Then she would add a 50/50 mixture of milk and cream, or milk and half and half, with a tab or two of butter and boil the potato mixture in that to cook them the rest of the way, with salt and pepper...

if it needed thickening, (some times the cream made it thick enough), she took out some potatoes and mashed them, and put them back in the soup, then sprinkled a little parsley over it.

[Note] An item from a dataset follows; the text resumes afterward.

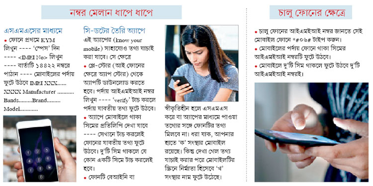 • যে মোবাইলটির সম্পর্কে তথ্য দরকার সেটির আইএমইআই নম্বর এসএমএস করতে হবে। অ্যাপ ব্যবহার করে আগাম যাচাইয়ের ব্যবস্থাও (নো ইওর মোবাইল পরিষেবা) চালু করা যেতে পারে।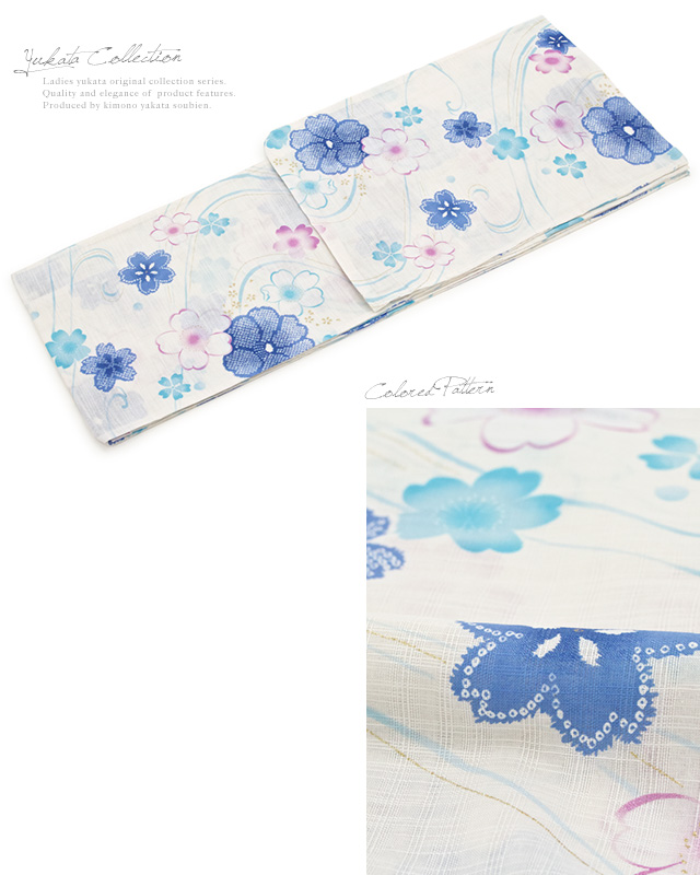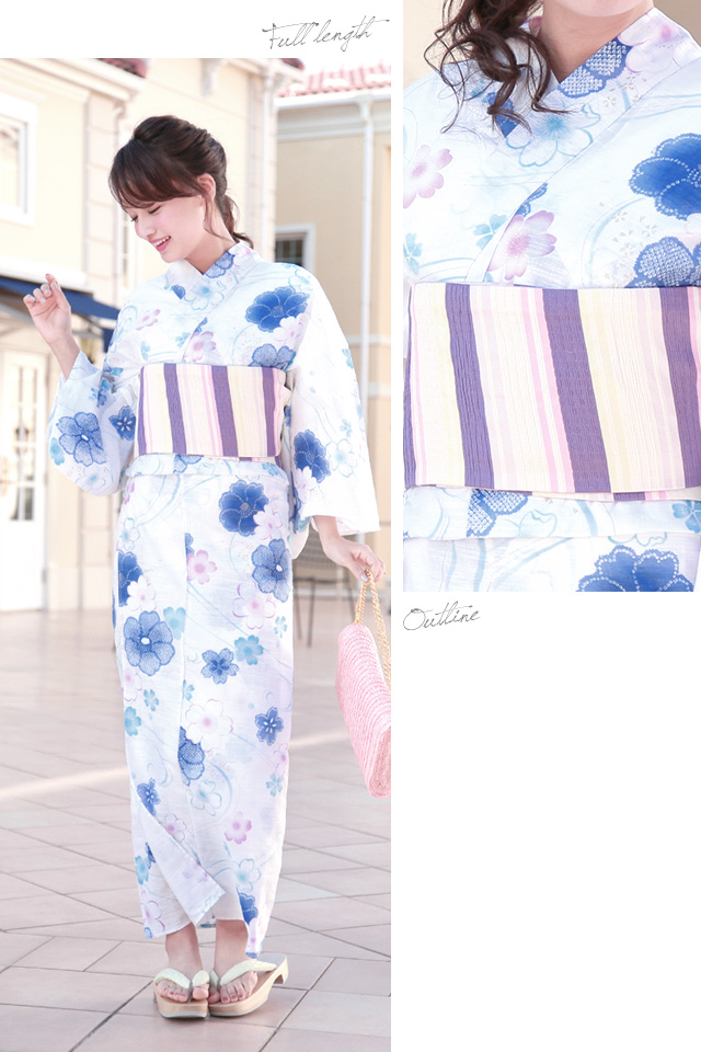 浴衣セット レディース レトロ 浴衣セット 大人 3点セット 白系 ホワイト 青 アイボリー 椿 桜 綿 ラメ 綿 半幅帯 女性 ボヌールセゾン S フリー

there was no other word to describe her potato soup that gives justice, other than

YUMMY!

If you are on any kind of diet, DO NOT TRY THIS, you can't help but go back for seconds...


----------



## iamwhatiseem (Oct 19, 2019)

Care4all said:


> my mother in law, who was a Texan, God rest her soul, made a *delicious* potato soup,
> 
> in the pot she was going to boil the diced potatoes she would saute diced onion, a little bit of celery with cut up bacon bits, once the onions were soft and bacon bits crispy she added the potatoes and boiled them in a little chicken broth to just before they were fully cooked and the potatoes soaked in most all of the chicken broth....  I'm sorry I do not know her measurements of everything, I just know the ingredients...
> 
> ...



Took the words right out of my mouth.
Potato soup made with water is..wait for it... going to be watery.
Chicken broth will add a ton of that "comfort" flavor.
Also a mixture of cream and milk will thicken it usually enough.


----------



## CWayne (Nov 17, 2019)

Xanthan Gum.

https://amzn.to/2rSDLUq

You use about 75% less than flour or corn starch.


----------



## Likkmee (Nov 17, 2019)

I add a couple egg yolks at near the end and stir briskly. Dont forget pepper


----------